Gedoe, gedoe, vooral veel gedoe
Gisteren waren ze er dan: de protocollen van de PKN met het oog op de komende maanden nu er weer wat meer mag. We staan als kerken weliswaar niet op de eerste rij als het om versoepelingen gaat, maar toch. De maand juni zou een proefmaand kunnen zijn om diensten te houden met maximaal 30 mensen ( na aftrek van dienstdoend personeel betekent dat 25 kerkgangers), om dan straks vanaf 1 juli met maximaal 100 mensen verder te kunnen.
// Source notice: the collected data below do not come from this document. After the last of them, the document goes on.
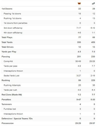 The Commanders offense returned to the field with 3 minutes remaining and all swagger stripped away.
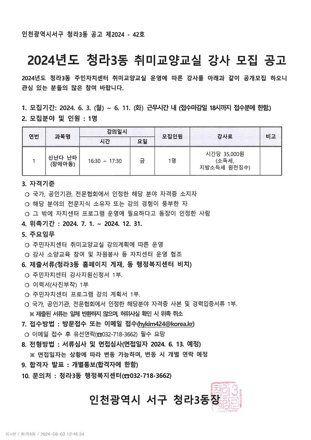 2024년도 청라3동 주민자치센터 취미교양교실[신난다난타(장애아동)] 강사 모집 공고
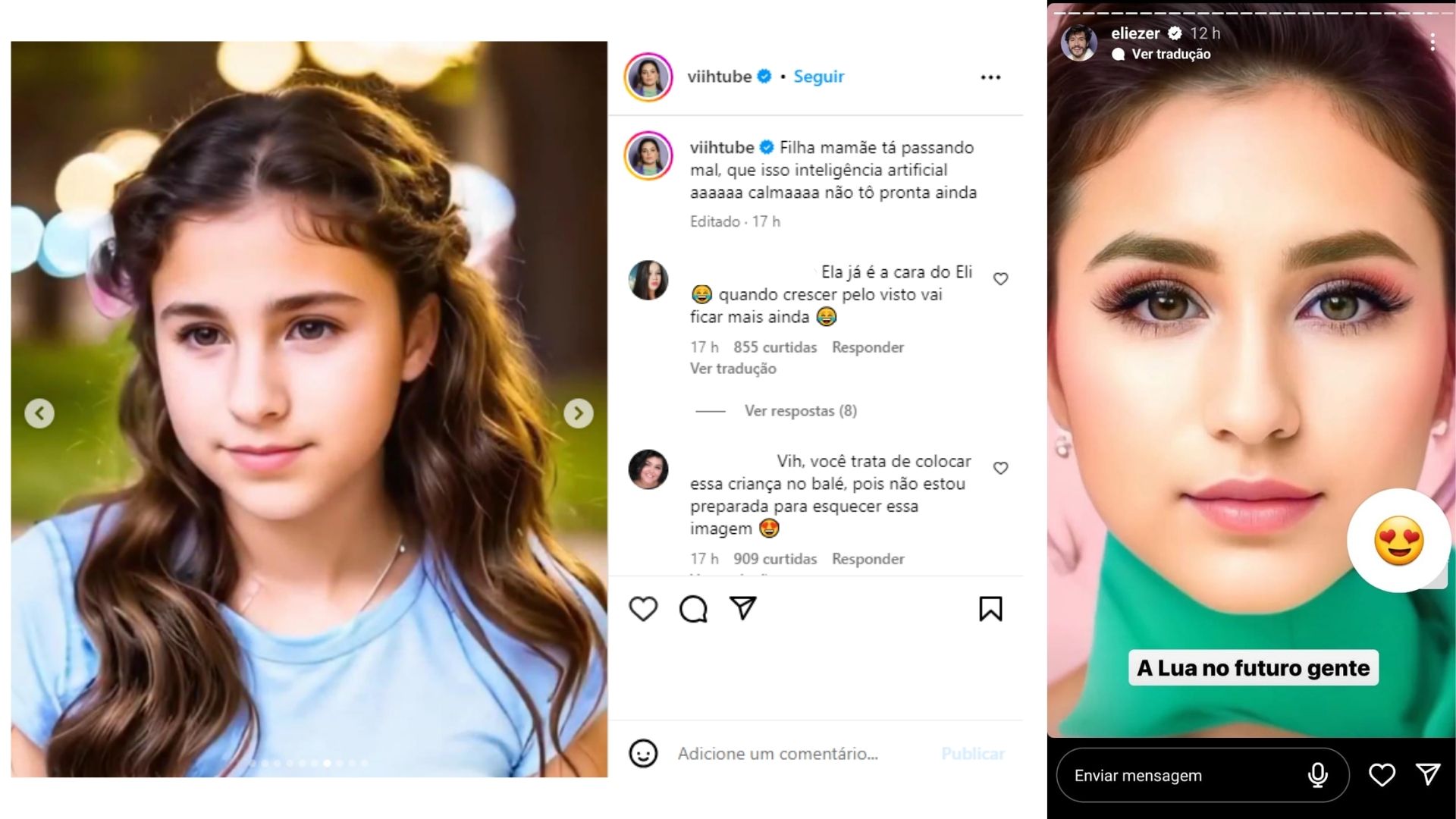 Alguns comentários de seguidores brincam dizendo que a menina ficou ainda mais parecida com o pai Eliezer.
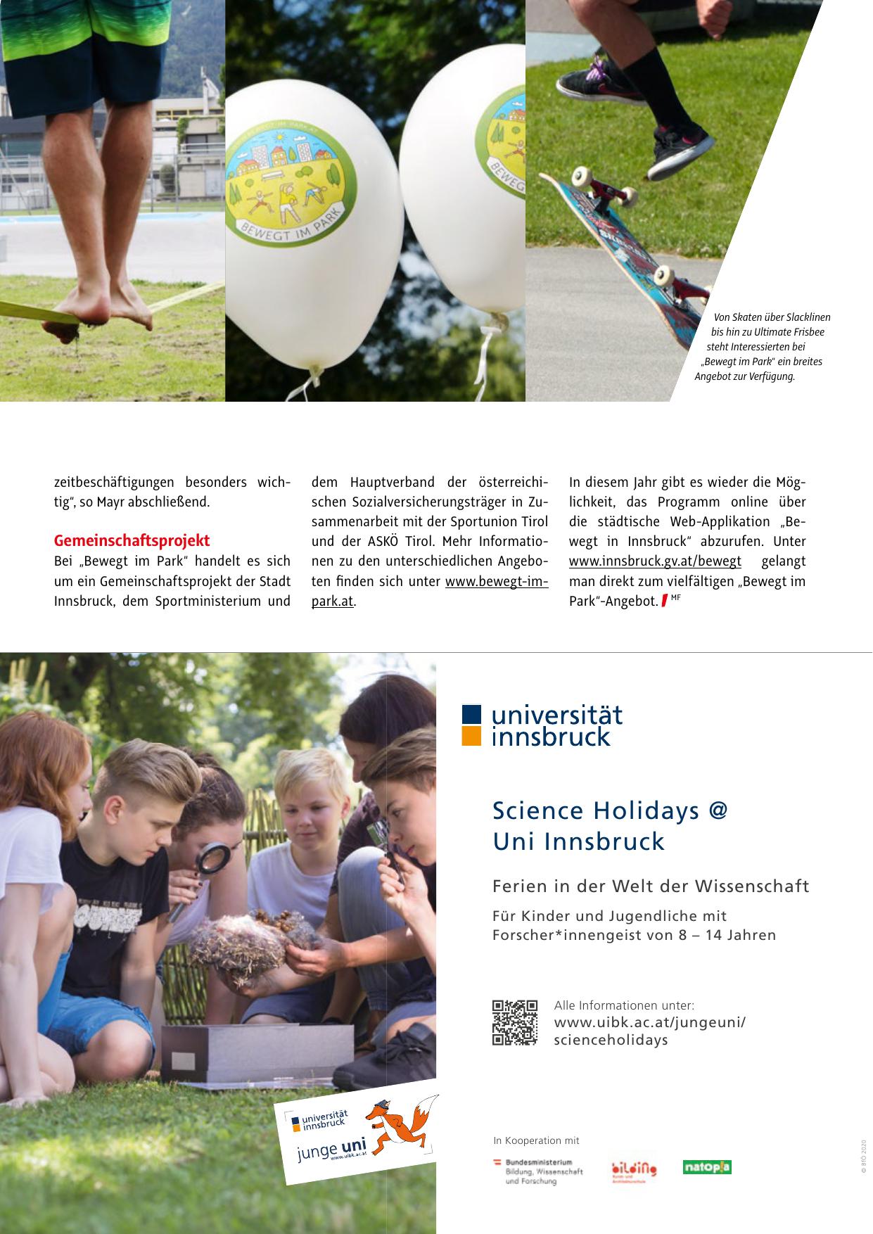 und der ASKÖ Tirol. Mehr Informationen zu den unterschiedlichen Angeboten finden sich unter www.bewegt-impark.at.

Ik moet eerlijk zeggen, hoe graag ik ook weer gewoon diensten met u zou willen houden, mij bekruipt bij het lezen van die protocollen vooral het gevoel van: wat een gedoe. Dat de kerkenraad deze week besloot om geen gebruik te maken van die proefperiode had dan ook helemaal mijn instemming.
In de column van gisteren had ik al over het zingen, waarover gisterenavond overigens ook nog een item in een van de actualiteitenprogramma’s. Nu haasten de beleidsmakers van onze kerk zich om alternatieven aan te dragen, want zo zeggen ze: ‘een dienst valt of staat niet bij het zingen’. Nee, dat zal wel, maar dat gaat me wel iets te vlug en te makkelijk. En die alternatieven: een paar zangstemmen, piano-of orgelspel, liederen declameren met de melodie op de achtergrond. Nou, allemaal aardig bedacht en we zijn gezegend met goede muzikanten en zangstemmen, maar wat mij betreft toch vooral pleisters op de wond. En ja, ook prijst onze kerkleiding de waarde van stilte aan: “dit zou wel eens het moment kunnen zijn om de rijkdom van de stilte als liturgisch element te kunnen ontdekken. Niet minder aardig bedacht, maar laten we van de nood geen deugd proberen te maken. In de kloosters, voor het besef van velen toch centra van stilte, bestaat de liturgie toch ook vooral uit het zingend bidden van psalmen. Ik las toevallig gisteren nog ( wat heet toevallig) dat abt Odo van het belangrijkste klooster uit de middeleeuwen, Cluny, zijn broeders maar liefst 138 psalmen per dag liet reciteren. Hoezo stilte?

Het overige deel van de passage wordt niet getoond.